= DATA FOR ANALYSIS =
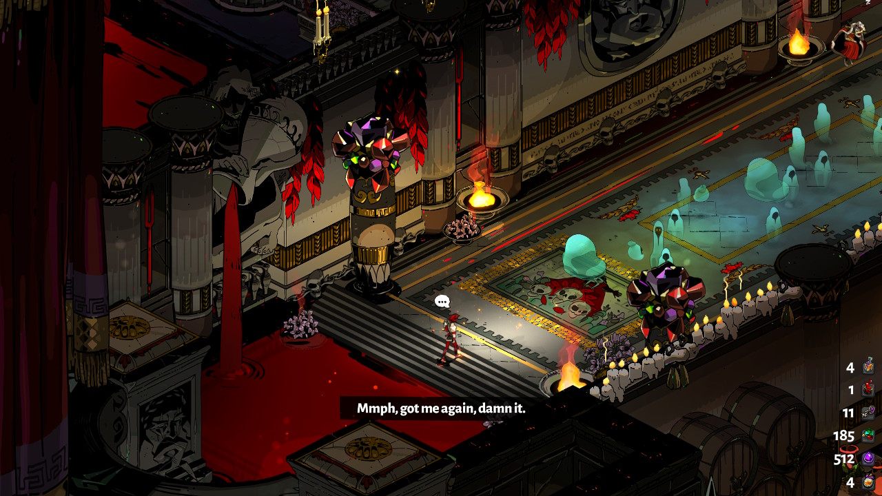 Since you’re repeatedly starting over, roguelikes often don’t have much of a story. Hades on the other hand, reveals the reason for Zagreus’ escape from the underworld patiently over many playthroughs. More impressive yet, it does so with a staggering amount of dialogue that never seems to repeat across dozens and dozens of runs. Learning more about the world and your favorite characters can be just as much as a reason to play as leveling up and beating your last run.
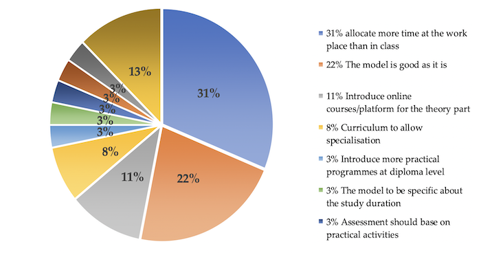 A significant number of respondents (prospective students) proposed more time be dedicated to actual work than classroom theory. Supported by the literature, this model recommends for learning time between classes and work to be established for specific programmes and be clearly stated in the respective curricula. For example, Sweet (2018) reported that, in Algeria, trainees spend an initial short period in full-time training, followed by alternate times spent between work and training while, in Egypt, trainees spend two years in full-time training followed by a year of alternating between the workplace and the classroom.
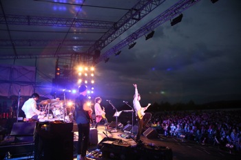 “風が気持ち良いね、こんな時に歌いたい曲”と、「ガルシアの風」をタイジとフロントでギターを近づかせてアルペジオのフレーズを弾きながら、ゆっくりと歌い出す。2012年の日本武道館公演でも演奏されたこの曲には、“どうしようもないことなど 何もなかったのです”というサビの歌詞がある。これは、ソーラー・システムで作った電力でのライヴ、太陽光という自然エネルギーを電気に転換という佐藤タイジのポジティヴな発想を後押しする言葉だったに違いない。2人のギタリストが感情をぶつけ合うようなエンディングでは、宵闇に浮かび上がったステージに星空のようなライトが浮かんでいた。
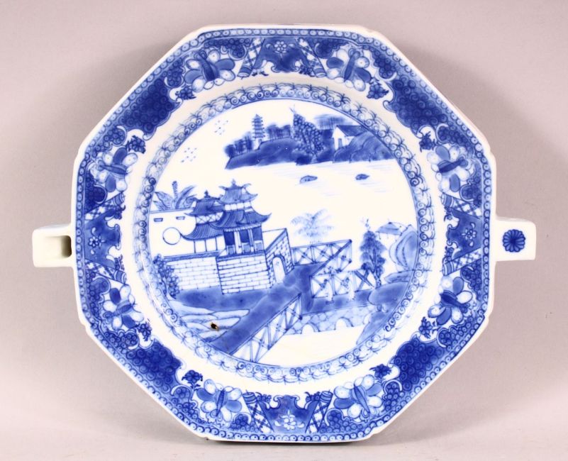 A CHINESE EXPOST BLUE & WHITE PORCELAIN WARMING PLATE - decorated with scenes of native landscapes, 28cm, (AF)
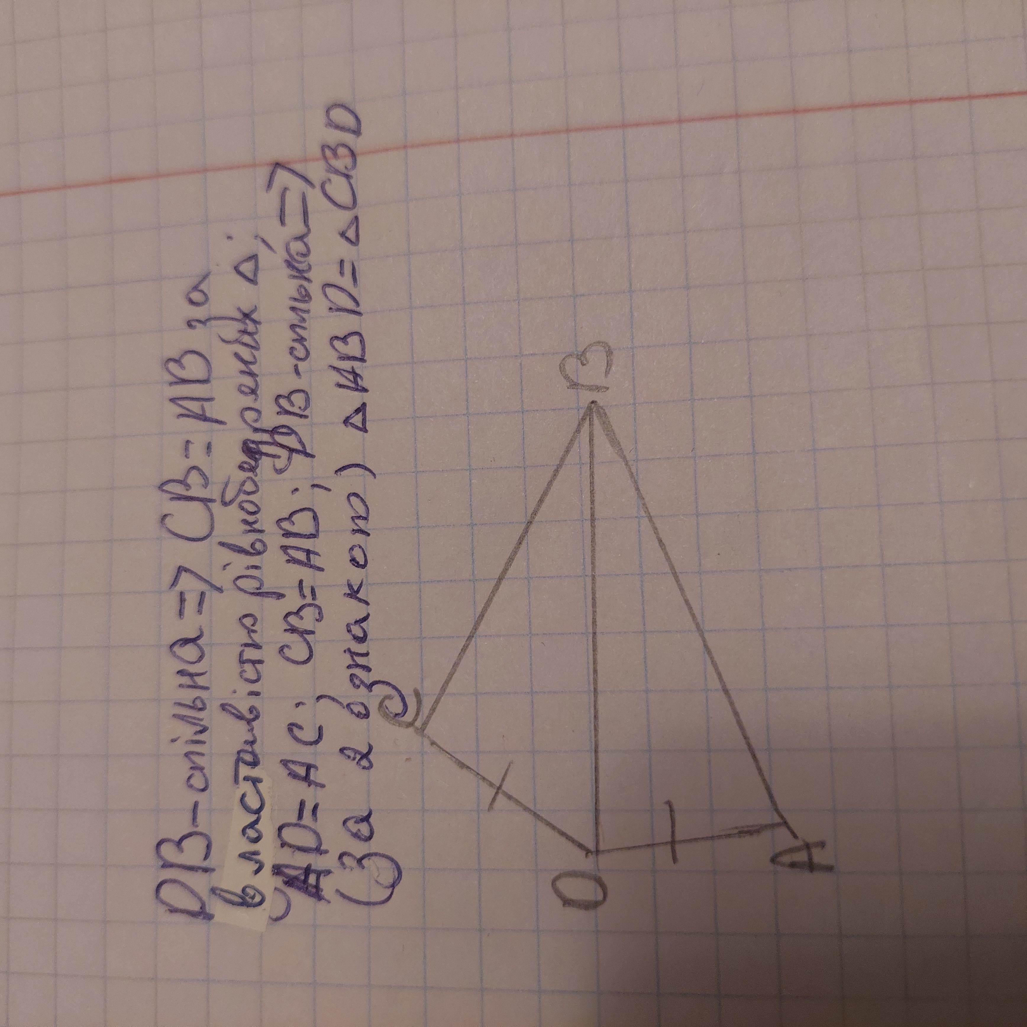 2. На рисунку зображено два рівнобедрених трикутники з рівними основами, Доведи рівність трикутників ABD та CBD.
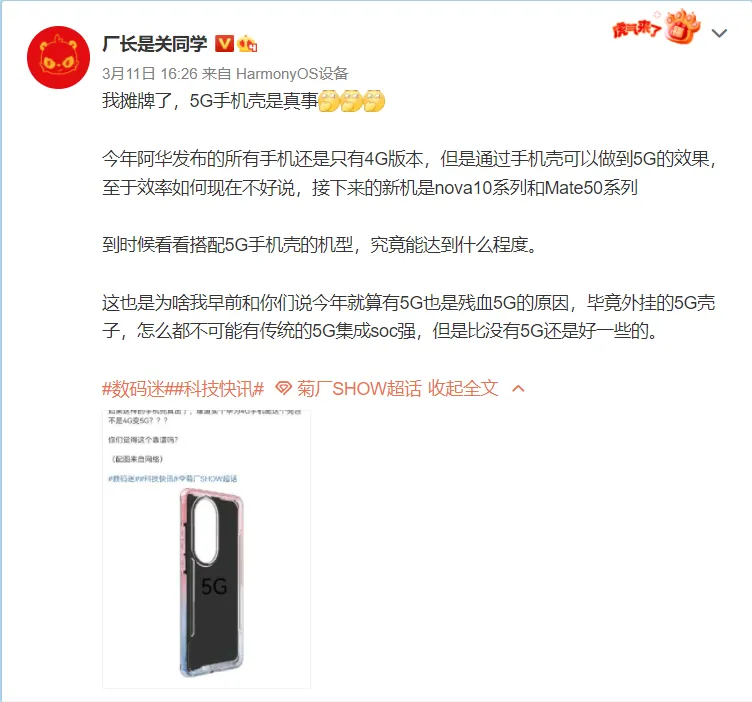 据博主@厂长是关同学爆料:今年华为发布的所有手机还是只有4G版本。但是通过手机壳可以做到5G的效果,至于效率如何,现在不好说,其还透露接下来的新机是nova10系列和Mate50系列。目前,这种说法尚未得到华为官方证实。有网友分析,这个技术类似于以前的“苹果皮”,给iPod Touch带上“苹果皮”后,就能跟iPhone一样打电话了。

= INSTRUCTIONS FOR THE TASK =
Without the pictures, repeat the line with "2. На рисунку" and every line after it to the end of the listing, and nothing else.

= SOLUTION FOR THIS TASK =
 2. На рисунку зображено два рівнобедрених трикутники з рівними основами, Доведи рівність трикутників ABD та CBD.
 据博主@厂长是关同学爆料:今年华为发布的所有手机还是只有4G版本。但是通过手机壳可以做到5G的效果,至于效率如何,现在不好说,其还透露接下来的新机是nova10系列和Mate50系列。目前,这种说法尚未得到华为官方证实。有网友分析,这个技术类似于以前的“苹果皮”,给iPod Touch带上“苹果皮”后,就能跟iPhone一样打电话了。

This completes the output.